Re: Fugitive pigments

From: David & Jan Harris ^lt;[email protected]>
Date: 07/25/05-12:55:49 PM Z
Message-id: <006101c5914a$7ee2fe20$93bf6951@sotera>

I haven't tried a sun exposure, the sun here isn't reliably bright :-) , but
my thinking was based on the fact that I'm using a facial sun-lamp as a
light source, which comes with fairly stringent recommendations as to
maximum use. Even allowing for over-cautious manufacturers this suggests a
higher UV exposure (at the distance used) than they expect you to get from
the sun. It would be interesting to know which wavelength of light is most
active in causing the gum/dichromate hardening reaction - one for the
chemists to think about! Do we all use UV just because it's the easiest way
to get a suitable light intensity, or is the UV itself necessary? I'm pretty
new to alt process so my sorry if I'm asking silly questions!
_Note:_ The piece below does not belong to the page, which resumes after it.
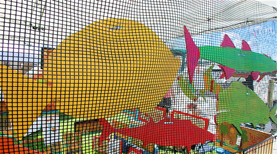 Across the harbor from where netted fish are brought in, a different netting and different fish.![]()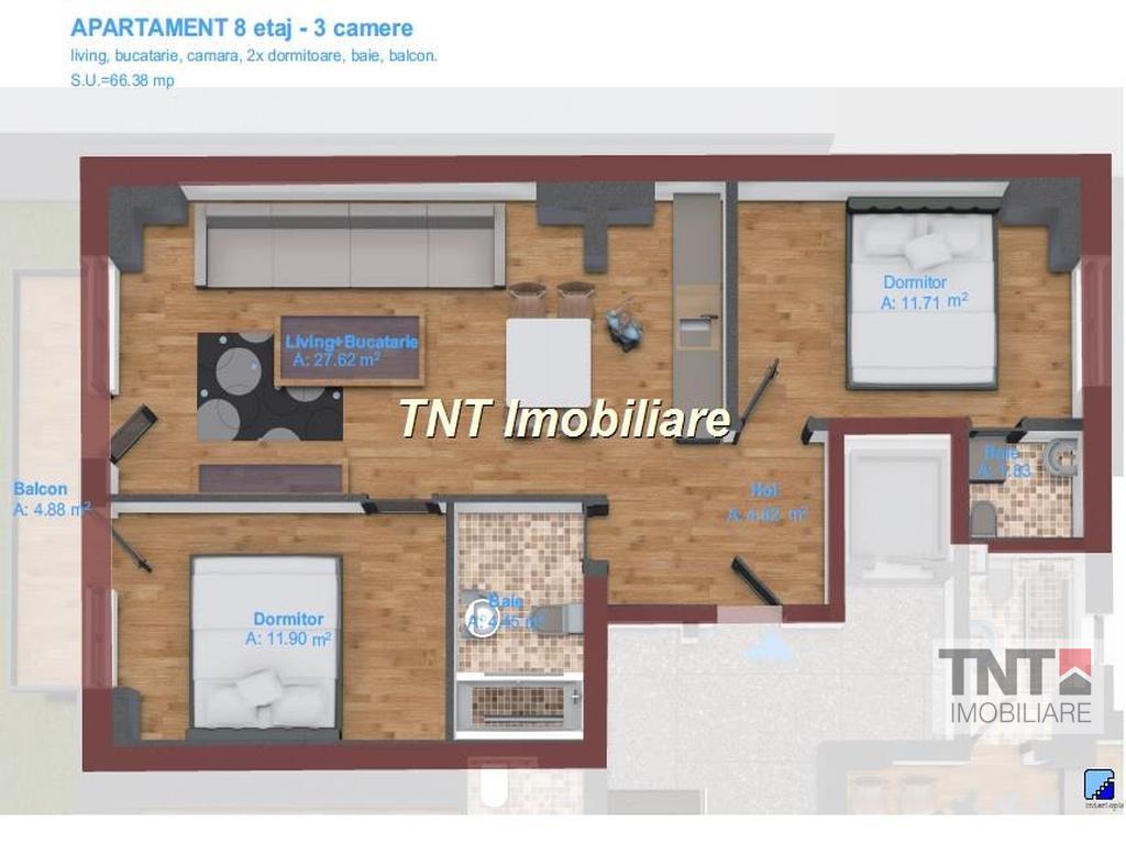 Apartament nou 3 camere semidecomandat cu o suprafata utila de 66,5 mp si predare la cheie in toamna anului 2014 cu urmatoarele finisaje si dotari:

----- Original Message -----
From: "Katharine Thayer" <>
To: <>
Sent: Monday, July 25, 2005 11:44 AM
Subject: Re: Fugitive pigments

> David & Jan Harris wrote:
> >
> > Given that watercolour pigments are affected by light, and when we
expose a
> > gum print we expose the pigments to a lot of UV; probably more UV light
> > a watercolour print probably gets over a period of a year; will some of
> > pigments already have faded by the time we have finished a gum print, or
> > would more occur later? I know this will vary with different pigments,
but I
> > am interested in the general rule. Do manufacturers test the pigment by
> > intense exposure to light (or UV)?
> Hi Jan,
> Interesting thought, but I don't expect the amount of UV a gum print
> gets in exposure would be very significant with regard to fading. It
> depends on the light of course, but in my experience most lights we use
> indoors take longer exposure than direct exposure to the sun does, so I
> would deduce from that that in general, exposing a gum print with
> whatever light would give it the same or less UV than exposing it
> directly to the sun for the same amount of time. Certainly a few
> minutes exposure to the sun shouldn't cause any noticeable fading.